The pressure not to miss out is one of supply. As a result, we have created an institutional investment business in the USA that is setup for cyclical mean reversion. One of the very best mean reversion investors of this generation is another Boston based lad by the name of Jeremy Grantham.
 
In Grantham's recent July letter he called the current market levels a "Boring Fair Price." And this morning, with the SP500 at 979, I have to agree with that conclusion. While all of the 200-day and 50-day Moving Monkeys are pressured to chase one another around the group-think keepers cages, we continue to settle into a low volatility range bound tape. If you missed calling the crash or the squeeze, too bad. Get over it.
 
I know - now I have complimented 2 people in the same note and offended my beautiful wife for insinuating that I don't love her every cell phone call (I do Laura!). There must have been something in those world class Chicago ribs I had last night. There is also something about this pressure cooker that makes me a little itchy.
 
Itchy? Yeah, you know - scratching. How will it all end? We all know that it won't end well. This could be the toothpick industry and my conclusion would be the same. Like in any oversupplied industry, we need to reduce capacity. Since we've decided to socialize this game, the natural progression of supply coming down just happens at a slower pace. It's kind of like injecting a game of Monopoly with moneys from the heavens on the hour, every hour - keeping the levered alive.
 
So what's my call on the US market this morning?
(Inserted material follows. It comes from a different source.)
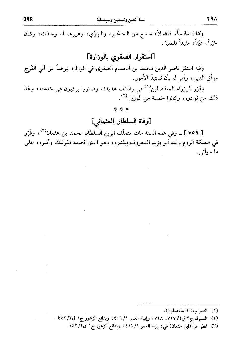 (¬3) انظر عن (ابن عثمان) في: إنباء الغمر 1/ 401، وبدائع الزهور ج 1 ق 2/ 442.

That's easy, Range Rover. Here are my immediate term TRADE levels of support/resistance:
 
1.      SP500 962-994

2.      Nasdaq 1

3.      Dow 8

 
Unlike the "level 3" super "side pocket" gurus of everything Wall Street securitization, we manage risk on a marked-to-market basis. Every 90 minutes of trading our global macro models refresh risk management levels. As a result, when price/volume/volatility changes, we change our view.
 
On the US Equity side, I don't disagree with Grantham's take - he said he wants to "buy quality and short junk." I have expressed this view somewhat differently, but it gets me to the same place. I want to be long liquidity and short financial leverage. From a macro perspective, this is why I remain long the Nasdaq (QQQQ) and short the Dow (DIA). From a bottom's up stock picking perspective, this is why I remain long a 4 letter name in the Nasdaq with a great balance sheet like Yahoo (YHOO), and short the ole school house of leverage games past, General Electric (GE).
 
If you're on the other side of Grantham and I, congratulations. As the US Government has opted to Burn The Buck, all Debtors and owners of junk got paid. "Got" would be the most important word in that sentence. Be certain of this, if/when the US Dollar rallies, a lot of the debtor obligations that are denominated in US Dollars will start to underperform. Yes, the price of junk can be the recipient of a socialized process of REFLATION but, in the end, it's still junk.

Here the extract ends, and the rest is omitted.